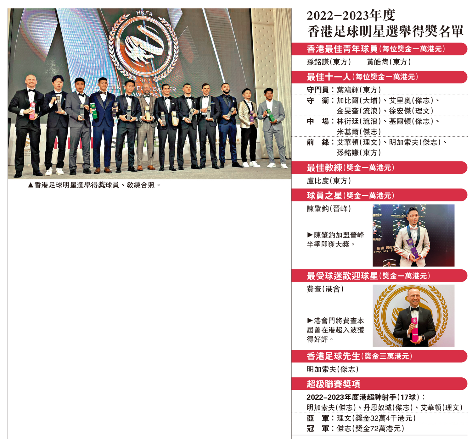 圖:2022-2023年度香港足球明星選舉得獎名單
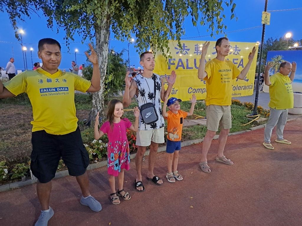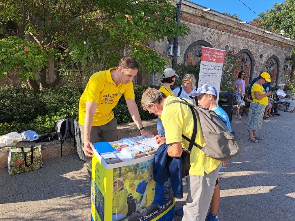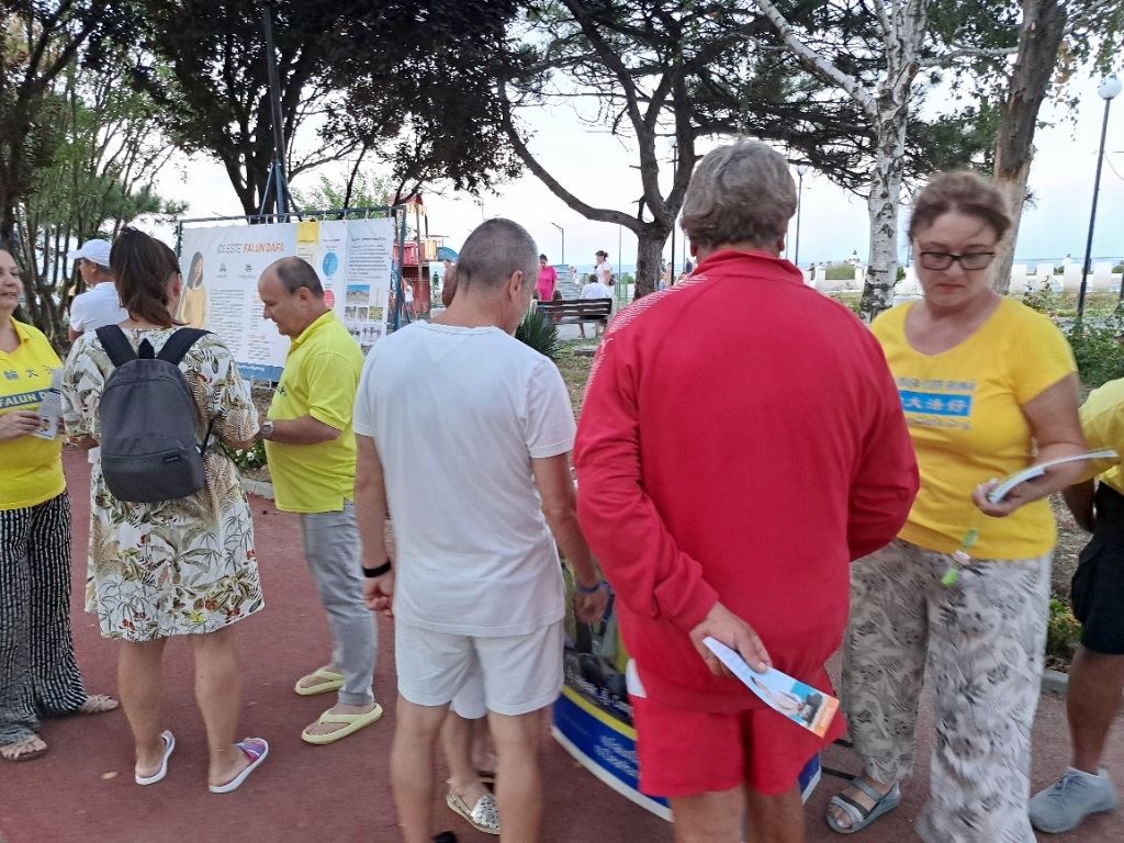 八月十一日康斯坦察,学员将传单递给另一位先生,他说:“这是一个神圣的信息:真、善、忍。如果你不珍惜面前的人,神如何珍惜你!祝你有一个幸福而光明的一天!”
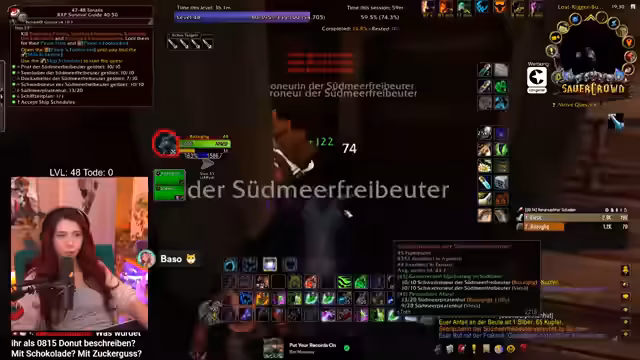 06:50:14Die Streamerin findet eine Flaschenpost mit einem Tagebucheintrag, der philosophisch über Allianz und Horde nachdenkt und schließlich bei Bananen landet. Es folgt eine absurde Geschichte vom Bananenkrieg. Anschließend beginnt sie eine Quest gegen Piraten in Booty Bay. Dabei kommt es zu gefährlichen Momenten, darunter ein angeblicher Hai, und es werden mehrere Schiffe durchsucht, um Rätsel zu lösen und Kapitäne zu besiegen, um die Piratengesellschaft zu schwächen.
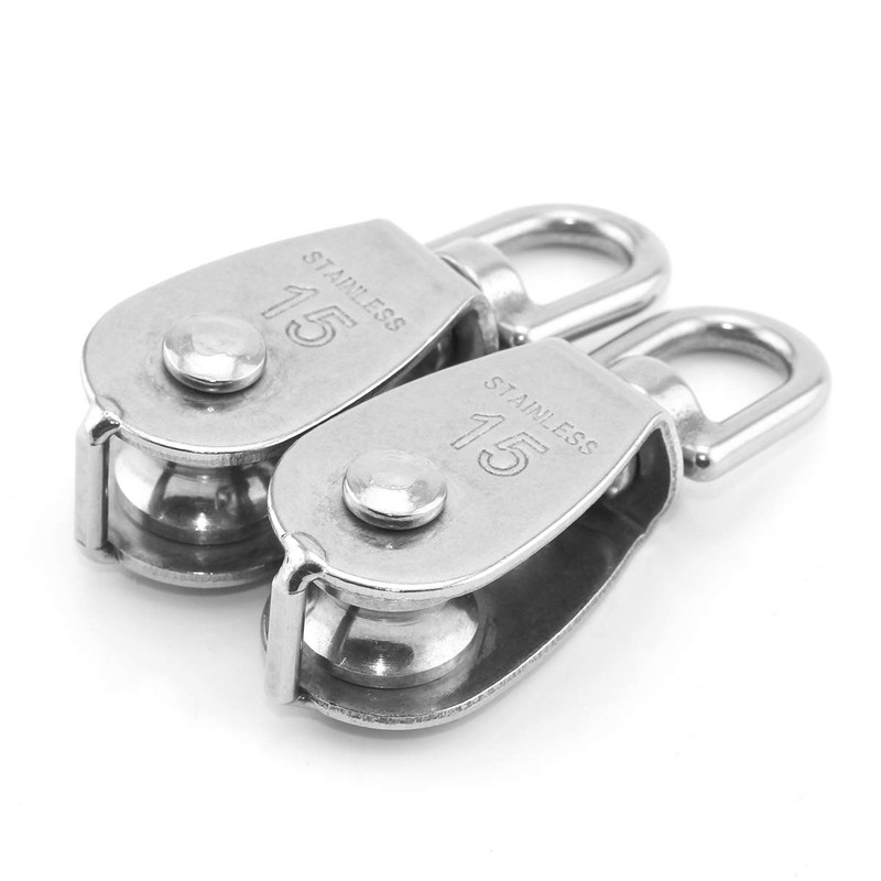 Heyous 2pcs M15 Stainless Steel Single Pulley Block Heavy Duty Traction Wheel Swivel Hook Lifting DIY Steel Wire Rope Pulley Metal Sheave
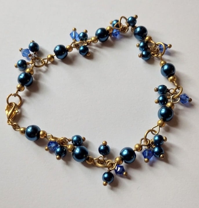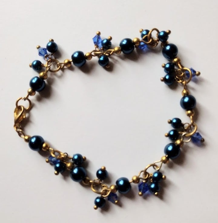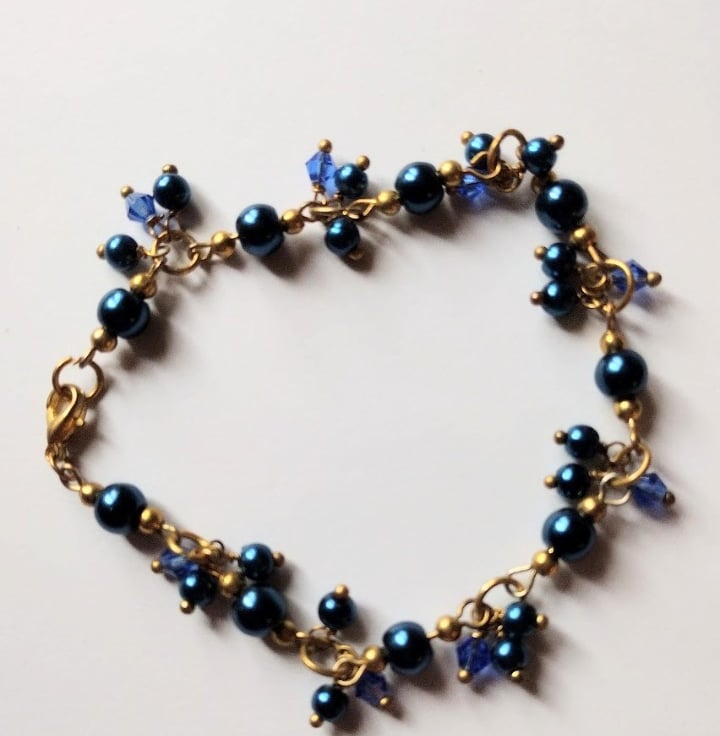 Made with crystals and glass pearls, a golden plated bracelet.
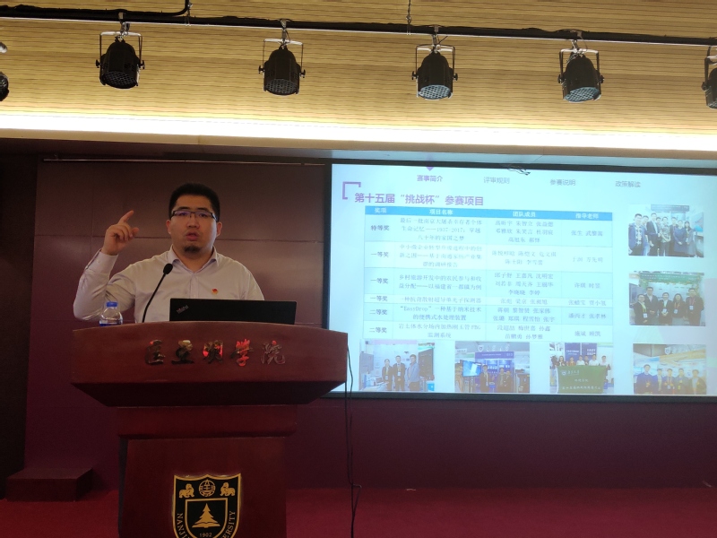 “挑战杯”是由共青团中央、中国科协、教育部等主办的面向全国所有大学生的科技创新类最高水平竞赛,至今已有20年历史。每年参与高校超过1000所,参赛学生超过200万人,被誉为当代大学生科技创新的“奥林匹克”盛会,它也被称为试金石——衡量一所大学人才培养成效的重要指标。曲老师就竞赛流程和南京大学近三年参加“挑战杯”在全国的获奖成绩做了逐一介绍,让同学们对参加这项赛事产生了极大的向往。为帮助同学们准备和参加“挑战杯”,曲老师举例介绍了第十五届“挑战杯”南京大学的参赛项目,并针对匡院同学理科专业的背景和大理科培养模式的优势,给同学们提出了很多可行的建议和指导。
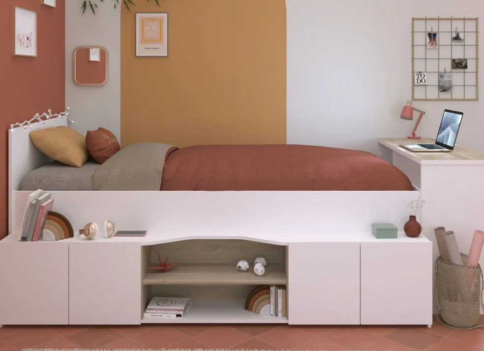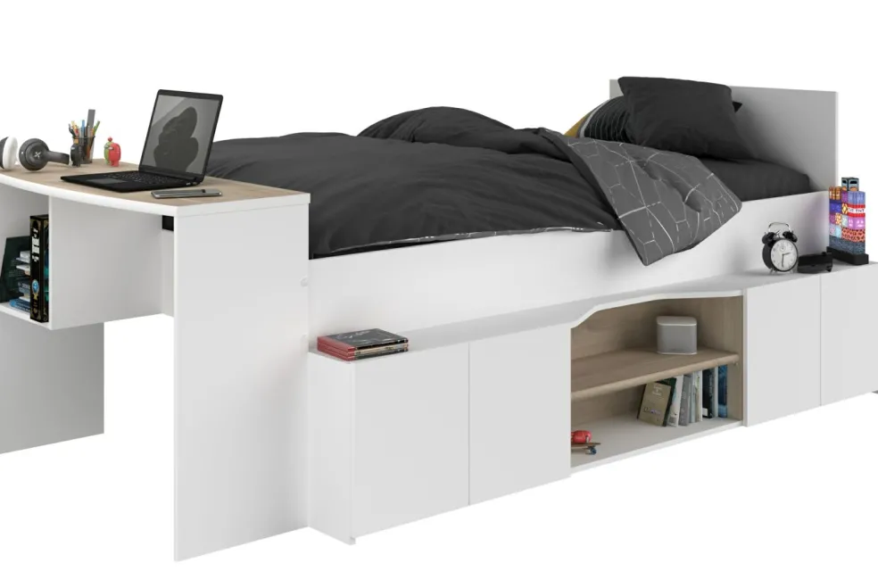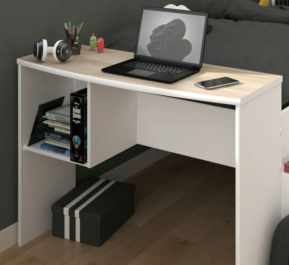 Bureau intégré au pied du lit avec casier de rangement ouvert (pouvant être monté des deux côtés)
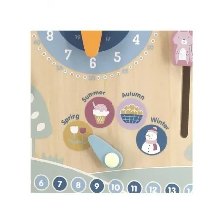 Деревянный календарь Viga Toys PolarB с часами на английском языке - уникальный инструмент обучения малышей от 3 лет. Дети смогут понимать и определять дни недели, месяцы, сезоны, время и погоду.Переставляя бегунки в виде симпатичных зверят по месяцам, дням неделям и датам, дети развивают интеллект, память и становятся наблюдательными. Подвижные стрелки на часах помогут научиться определять, который час. Есть также шкалы с названиями времен года и погоды. Развивающая игра с обучающим календарем тренирует мышление, в том числе абстрактное и логическое, расширяет кругозор.Каждый день дети смогут наблюдать за окружающим миром и лучше узнавать его с помощью календаря Viga Toys. Набор для обучения представлен на английском, и ребенок сможет выучить названия месяцев, дней недели, времен года, погоды на важнейшем международном языке. Обучающий календарь подходит для уроков английского как наглядный материал. Рекомендован для занятий дома, в детском саду, центре развития. Сочетается с педагогикой Монтессори.Деревянная основа 30x30 см не окрашена, указатели и надписи покрыты безопасными пастельными красками. Календарь серии PolarB с закругленными углами хорошо отшлифован для комфортных игр. Его можно разместить на столе или повесить на стену - предусмотрена петелька.Деревянный календарь с часами на английском языке от Viga Toys соответствует стандартам безопасности и качества детских игрушек EN71, ASTM.
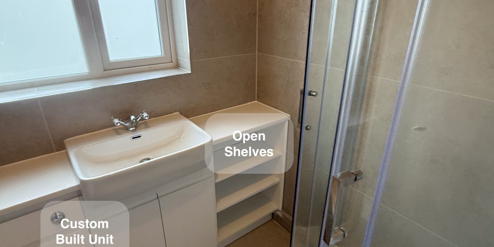 Custom-built units now provide much-needed storage, with open shelves positioned for easy reach from the shower – ideal for everyday essentials without clutter. A large towel radiator finishes the space, ensuring warm, dry towels and adding a sense of comfort after every shower.
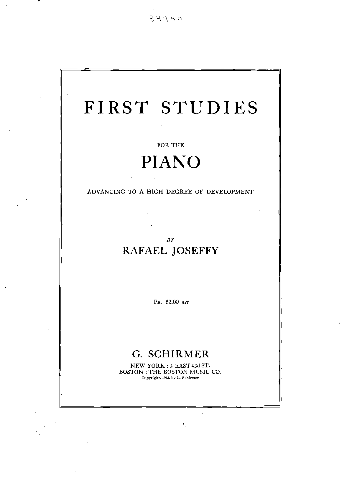 | Alternative. Title | First Studies for the Piano: Advancing to a High Degree of Development |

→ **Required action**
Word for word, restate the lines from the first line of the material through the line containing "Heyous 2pcs M15", with the pictures left out.

→ **Solution to this problem**
 圖:2022-2023年度香港足球明星選舉得獎名單
 八月十一日康斯坦察,学员将传单递给另一位先生,他说:“这是一个神圣的信息:真、善、忍。如果你不珍惜面前的人,神如何珍惜你!祝你有一个幸福而光明的一天!”
 06:50:14Die Streamerin findet eine Flaschenpost mit einem Tagebucheintrag, der philosophisch über Allianz und Horde nachdenkt und schließlich bei Bananen landet. Es folgt eine absurde Geschichte vom Bananenkrieg. Anschließend beginnt sie eine Quest gegen Piraten in Booty Bay. Dabei kommt es zu gefährlichen Momenten, darunter ein angeblicher Hai, und es werden mehrere Schiffe durchsucht, um Rätsel zu lösen und Kapitäne zu besiegen, um die Piratengesellschaft zu schwächen.
 Heyous 2pcs M15 Stainless Steel Single Pulley Block Heavy Duty Traction Wheel Swivel Hook Lifting DIY Steel Wire Rope Pulley Metal Sheave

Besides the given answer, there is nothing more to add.